Новгородец только фыркнул в ответ и мотнул головой так, что на лицо с лязгом свалилось носатое забрало.
На то, как друзья изображали бульдозер, стоило посмотреть. Горчаков, правда, получил при этом концом палаша по шлему, да так, что в глазах сверкнуло. Но дело они сделали: одного монгола сбили с ног, троих отбросили и прижали к стене. Неприятельский строй был разорван, со всех сторон на помощь кинулись свои, и в два десятка секунд все было кончено.
Потом Горчаков осмотрел монголов, которых оглушил дубовым бруском в самом начале. Четверо пребывали без сознания, но судя по пульсу, должны были очнуться. Пятый....
– М-да, перестарался я, – констатировал Олег летальный исход. – Итак, что мы имеем? – начал подводить он итоги. – Десять связанных здесь, плюс четыре сотника там и к ним переводчик. А внизу, сколько пленников? – громко спросил Горчаков, обращаясь ко всем сразу.
– Мы эта, погорячились малость, – повинился один из новгородцев, – двоих взяли только, а остальных того... порубили.
– Ладно, – махнул рукой Олег, – с кем не бывает.
Назначив людей стеречь пленных, он повел остальных к церкви. На улице воинов ждала печальная картина – село Спасское заканчивало свое существование. Сначала погибли жители, а теперь полыхали их дома. Пламя гигантских костров гудело и рвалось ввысь. В серое зимнее небо поднимались клубы черного дыма, в воздухе кружились хлопья сажи. Кроме изб горели и примыкавшие к ним постройки.

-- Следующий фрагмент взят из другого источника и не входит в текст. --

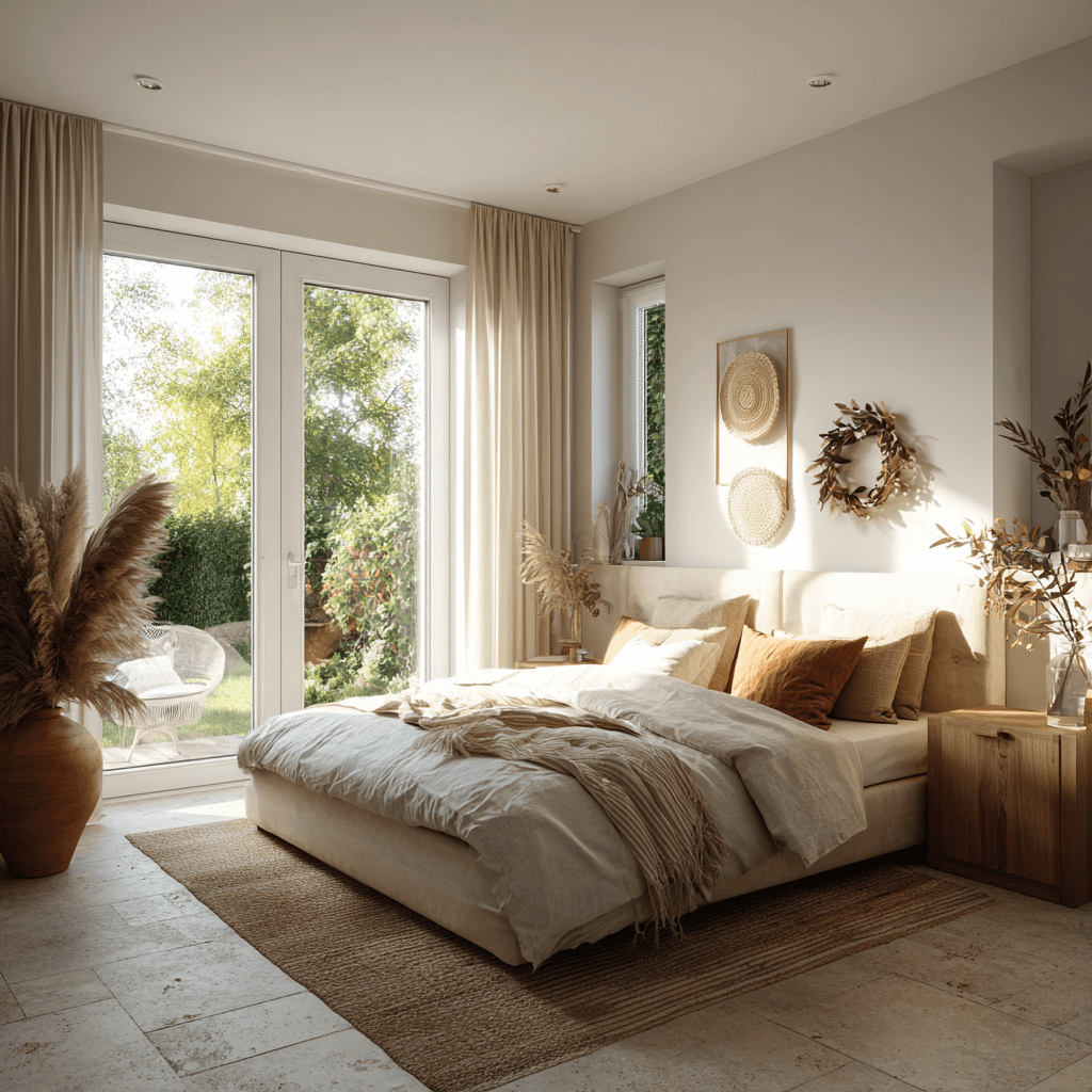 Das Schlafzimmer bietet eine ruhige Rückzugsoase mit viel Licht und Blick ins Grüne. Die großzügige Fensterfront schafft eine entspannte Atmosphäre. Dezente Farben und natürliche Materialien unterstützen erholsamen Schlaf und ein angenehmes Wohngefühl.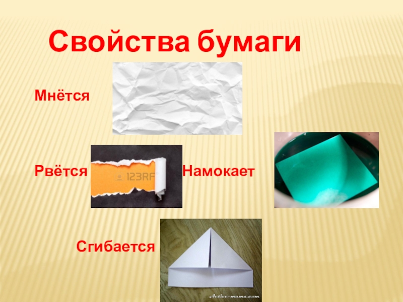 Свойства бумагиМнётсяРвётся               Намокает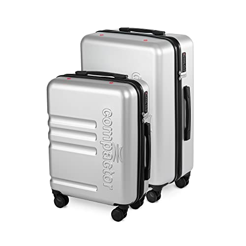 Compactor 4-hjuls hårt skal vattentålig resväska med bärhandtag och avtagbar rem, SILVER, SMALL + LARGE, Luna
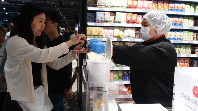 新潮與獵奇元素同樣搶眼。每周末的甘魚分割秀成為年輕人打卡熱點(diǎn),開業(yè)當(dāng)天正值周末,專業(yè)廚師現(xiàn)場(chǎng)解剖近百斤的龍躉魚,晶瑩剔透的刺身拼盤供顧客試吃。海鮮廚房也讓消費(fèi)者感受到了不一樣的體驗(yàn),鮮活的帝王蟹,可選擇清蒸、刺身或火鍋加工,搭配楊枝甘露、椰奶凍即時(shí)享用。“最頭疼的就是處理魚類,現(xiàn)在超市能代加工,還能直接堂食!”95后上班族小林笑道。

– Черт! Да это же хлева! – дернулся Горчаков и тут же успокоился, заметив в стороне от пожарищ стадо коров. – Лоханулся я, – признал Олег, – а суздальцы молодцы! Обо всем позаботились.
Среди коров Горчаков разглядел несколько овец и коз.
– Ага! – обрадовался он. – Не всю живность монголы поели, будет и нам шикарный обед.
Тридцать пять воинов Олег оставил в селе на тот случай, если монголы выломают церковные двери, но этого пока не случилось.
– Ну что здесь, Ратмир? – спросил Горчаков старшего над суздальской дружиной.
– Сначала вороги в дверь колотились, – ответил воин, – а мы бревна придерживали, чтобы в сторону не сползли. А потом невмоготу стало, из под дверей дым полез, до того ядреный! Кто его вдохнул, насилу прокашлялись. А заодно и эти, – Ратмир указал на резные двери, – стучать перестали.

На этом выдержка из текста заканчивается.